Recessive epilepsies. Dravet Syndrome is one of the most prominent genetic epilepsies and presents in the first year of life with prolonged fever-associated seizures. Haploinsufficiency of SCN1A, either through mutations or deletions, is the major cause of Dravet Syndrome. In a recent publication in the European Journal of Pediatric Neurology, two families with recessive Dravet Syndrome and biallelic SCN1A variants are reported. Let’s have a look at how to interpret these findings.
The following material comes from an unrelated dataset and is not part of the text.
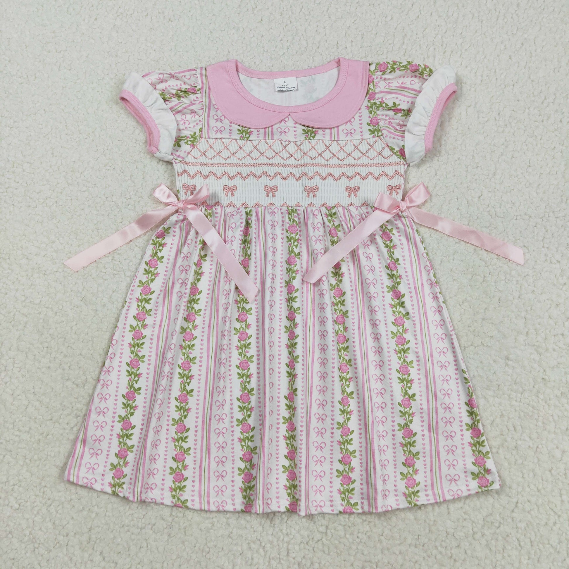 RTS NO MOQ (In stock)GSD2717 Baby Girls Summer Dress Smocked Embroidery Bows Baby Girls Flowers Stripe Knee Length Dresses

De novo mutations. Dravet Syndrome is caused by de novo alterations in the SCN1A gene in more than 80% of patients. Even in patients with reportedly negative SCN1A testing, some patients may have SCN1A mutation at second glance. This very strong association suggests that genetic alterations in SCN1A, which result in haploinsufficiency, are the major cause for Dravet Syndrome. Haploinsufficiency refers to the situation when only a single functional copy of a gene is present and the gene product of only one copy is insufficient. In addition to SCN1A, other genes have been implicated in Dravet Syndrome, such as GABRA1 and STXBP1. However, the close connection between Dravet Syndrome and SCN1A is one of the strongest genotype/phenotype correlations that we know in neurogenetics today. The publication by Brunklaus and collaborators raises the issue whether this correlation is sufficiently strong to also implicate genetic variants in SCN1A other than de novo mutations in Dravet Syndrome. In other words, just because we know that de novo mutations in SCN1A cause Dravet Syndrome, would we automatically assume that any other inherited rare variation in SCN1A must be causative? Would our level of suspicion by sufficiently high not to pursue other genetic investigations if we find recessive variants?
Family studies. Brunklaus and collaborators report on two consanguineous families of South Asian origin. Each family has two affected children with Dravet syndrome and fever-associated epilepsies within the GEFS+ spectrum. Given the Dravet-like presentation, the authors specifically analyzed the SCN1A gene – in both families they identified novel SCN1A variants that were homozygous in both affected sibs and heterozygous in parents. The SCN1A variants in both families are not observed in the ExAC database, the largest exome database to date. Even though the authors do not mention the transcript they are referring to, it probably refers to the transcript that is also used in the ExAC browser, at least by comparison of the amino acid positions mentioned in the publication.
Functional data. In their current study, the authors do not provide functional data that support their claim that the two novel SCN1A mutations are causative, and it will be interesting to see future functional work on both variants. The authors speculate that both mutations may exert a small effect that is insufficient when heterozygous, but cause Dravet Syndrome when present in a homozygous state. They refer to the studies from SCN1A mouse models where such scenario has been observed.
Cause or coincidence? The study by Brunklaus and collaborators raises the following question: What is more likely? The fact that both variants are causative versus the fact that both variants are coincidental? The tight connection of SCN1A with Dravet Syndrome is intriguing. However, the authors were unable to provide segregation data in unaffected siblings. Additionally, the fact that both families are from a population that is underreported in genetic databases may suggest that both variants are benign population variants that are non-causative. In either case, a full genetic work-up through exome sequencing including assessment for possible de novo mutations that might be present in a mosaic state in parents would be interesting. If these investigations would be negative and if functional data points towards an effect of these variants on channel function, there would be strong argument to consider the recessive SCN1A mutations as causative.